Under the ERA, the European Union is providing $19.9bn in exceptional macrofinancial assistance (MFA) in the form of loans to be disbursed in 2025. This comes on top of the EU’s €50bn Ukraine Facility, which is also being provided during 2024-27. The United States are committing $20bn under the ERA mechanism – $15bn in grants and $5bn in loans – and the remaining members of the G7 – the United Kingdom, Japan and Canada – will contribute an additional $10.1bn. (For our assessment of the distribution of the ERA funds by type and partners, please see Table 5 and Figures 35 and 36).

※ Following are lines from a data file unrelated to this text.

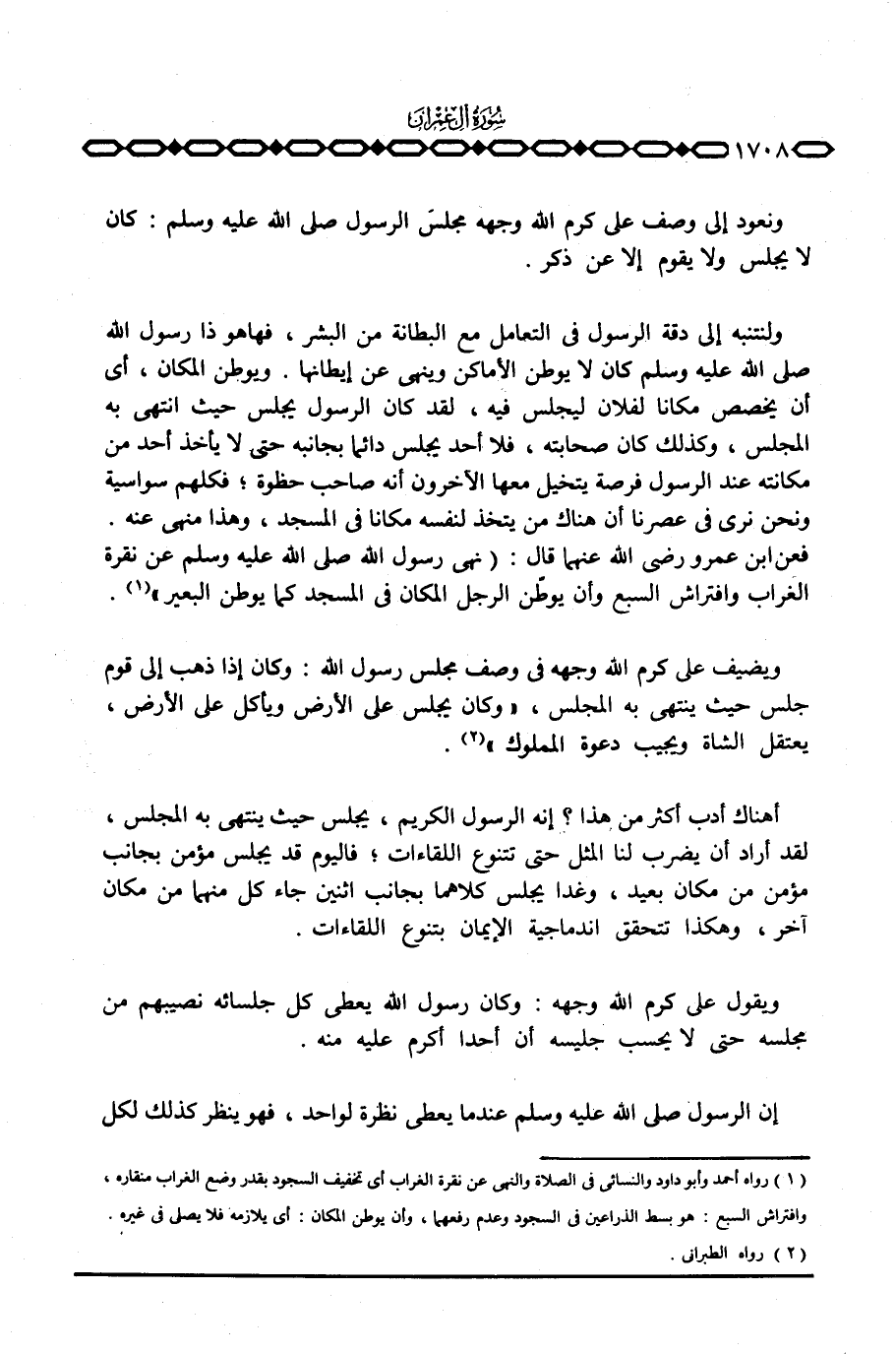 ونعود إلى وصف علي كرم الله وجهه مجلسَ الرسول صَلَّى اللَّهُ عَلَيْهِ وَسَلَّم َ: كان لا يجلس ولا يقوم إلا عن ذكر.
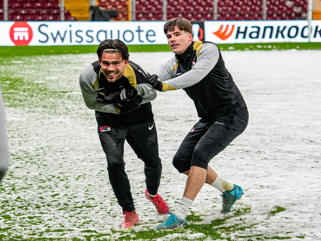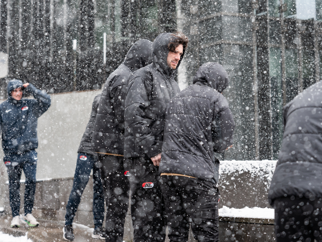 Voor de Alkmaarse selectie staat er traditiegetrouw een stadswandeling op het programma, op de dag van de wedstrijd. De wandeling stond donderdagochtend vooral in het teken van heel veel sneeuw.
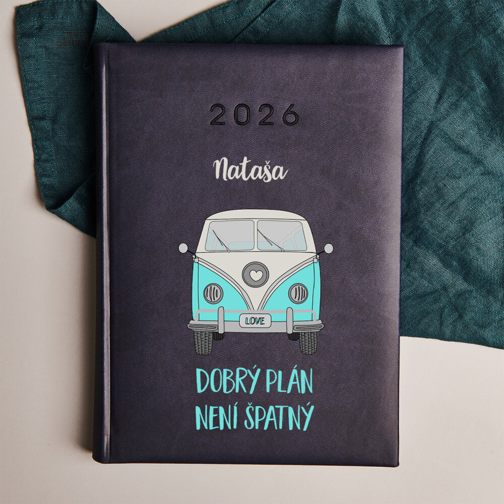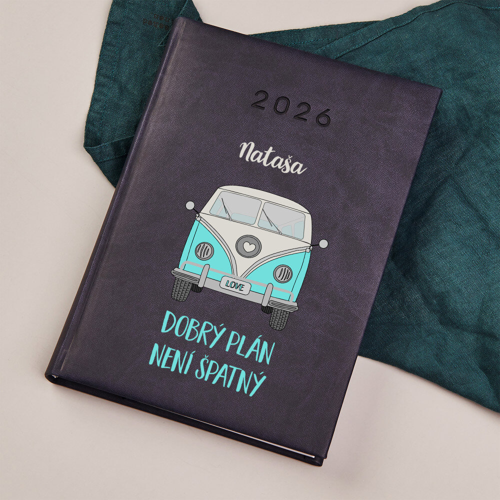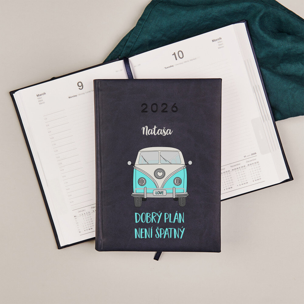 Vysoce kvalitní kalendář ve stylu knihy ve formátu A5.Vazba z sametově měkkého, příjemného matného materiálu.

Ukraine ERA funds disbursement schedule
With the ERA, Ukraine’s international partners are leveraging Russian funds to provide support. Specifically, they use profits derived from immobilised Russian central bank reserves. In the immediate aftermath of Russia’s full-scale invasion, several countries imposed sanctions on the CBR, and thereby immobilised a significant amount of reserves that the bank was holding abroad. While a full audit has still not been undertaken, the total is estimated to be above $300bn, of which more than €190bn is held at Euroclear, a central securities depository headquartered in Belgium. While Ukraine has long argued for full confiscation, the G7 opted to leverage profits derived from them to provide financial assistance under the ERA. In essence, as the principal of maturing bonds and any accumulated interest cannot be transferred to the CBR due to sanctions, they generate additional profits, which do not belong to the owner of the assets but to Euroclear and can be taxed. The EU estimates that these profits amount to €2.5-3.0bn per year.

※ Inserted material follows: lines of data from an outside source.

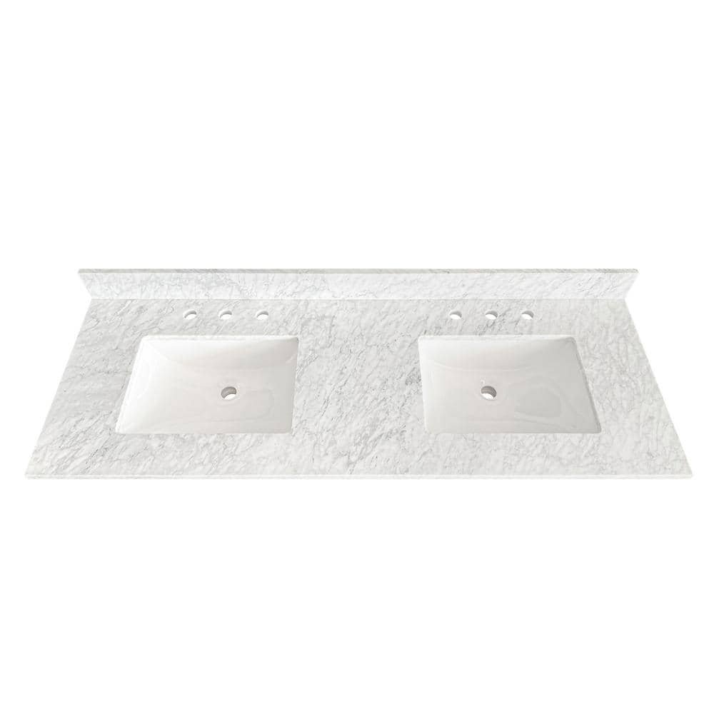 73 in. W x 22 in D Marble White Rectangular Double Sink Vanity Top in Carrara Marble
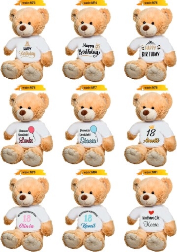 PLUSZOWY jasnobrązowy MIŚ z koszulką dla dziecka z metryczką imieniem HAFT
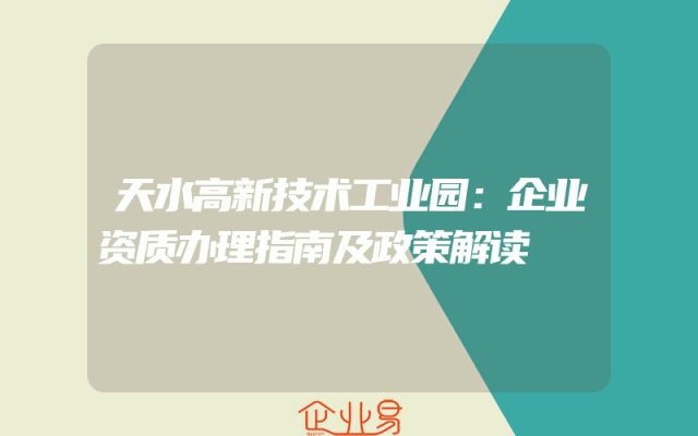 - 天水高新技术工业园:企业资质办理指南及政策解读
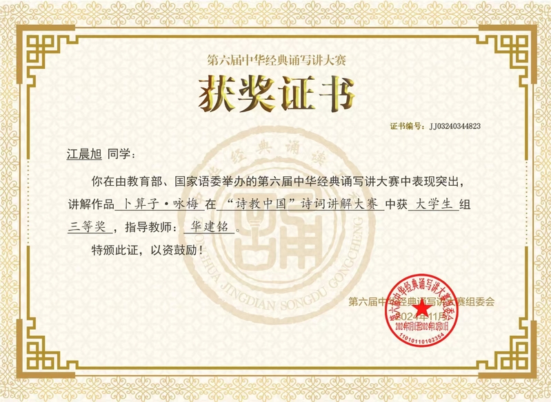 第六届中华经典诵写讲大赛诗词讲解大赛三等奖证书

Ukraine ERA funds by type and country
The ERA funds are structured to prevent any fiscal liability for Ukraine’s government, ensuring that they serve as a non-repayable financial resource, and they can be used for a variety of purposes. In order to not burden Ukraine’s financial future with additional debt, ERA loans are set up as contingent liabilities, which means that they need to be repaid only under certain conditions, e.g., Ukraine receiving reparations from Russia. Should this not materialise, they will be repaid by other parties and, for Ukraine, will effectively be a non-payable contribution. Given the amount of external loans that Ukraine has already received, this is of critical important to keep debt dynamics from deteriorating further. Political conditions and transparency/accountability requirements related to the disbursement will be aligned with the terms of existing programmes, with each creditor also determining the specific use of the funds. Importantly, while money provided under the ERA largely consist of budgetary support, some funds can also be used for purchases of weapons.